Arshavir Blackwell, PhD
When a model processes a sentence, its internal representation literally travels through high-dimensional space. Sentences with numbers, pronouns, or causal words often trace similar paths. The model has computational tendencies—habits of motion we’re only beginning to chart.
Arshavir Blackwell, PhD
We can locate some structure with sparse autoencoders, but much remains hidden—subtle signals like irony, humor, or moral tone may live in remote corners of this space. This is where cognitive science meets geometry, and where interpretability meets mystery.
Arshavir Blackwell, PhD
Taken together, MI reveals the static wiring, while LLM-ology follows the dynamics—the motion of meaning through space. Transformers don’t store rules; they sculpt and navigate geometry.
Arshavir Blackwell, PhD
And that geometry, as powerful as it is, brings fragility. Most points in these vast spaces are meaningless noise. The meaningful regions—the semantic manifolds—occupy only a thin sliver of the hypersphere.
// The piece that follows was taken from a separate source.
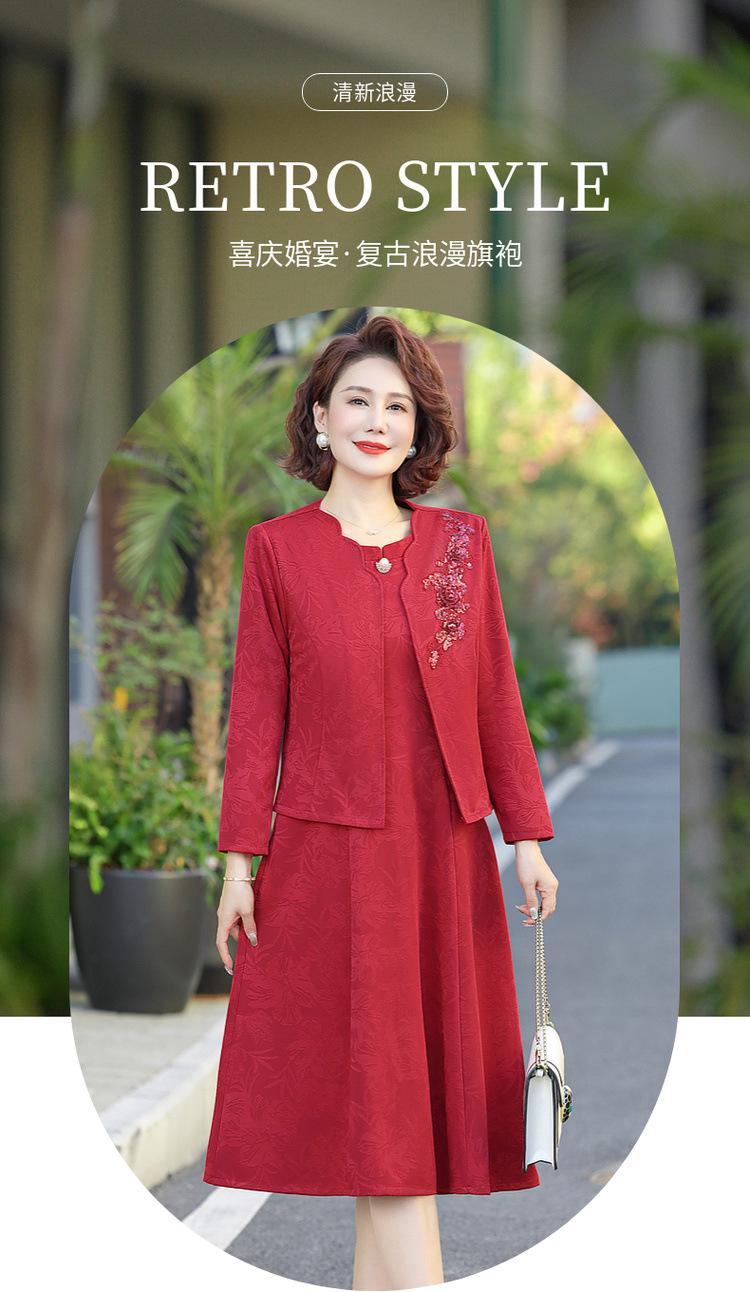 Vestido cheongsam de mediana edad y anciano otoño nuevo vestido de novia conjunto de dos piezas feliz suegra atuendo banquete de boda madre vestido de primavera conjunto de vestido

That’s the curse of dimensionality: the expressiveness that makes these models so capable also makes them precarious.
Arshavir Blackwell, PhD
Even visualization struggles here. When we project thousands of dimensions down to two or three—using PCA or t-SNE—the true relationships blur. The result is an aesthetic map, not a faithful one. Even with modern tools, our view of these models is still partial—a sketch of a landscape we can never fully see.
Arshavir Blackwell, PhD
And yet, we keep mapping. Every new method—mechanistic interpretability, sparse autoencoders, the emerging science of LLM-ology—takes us a step closer to understanding how these systems think. I’m Arshavir Blackwell, and this has been Inside the Black Box.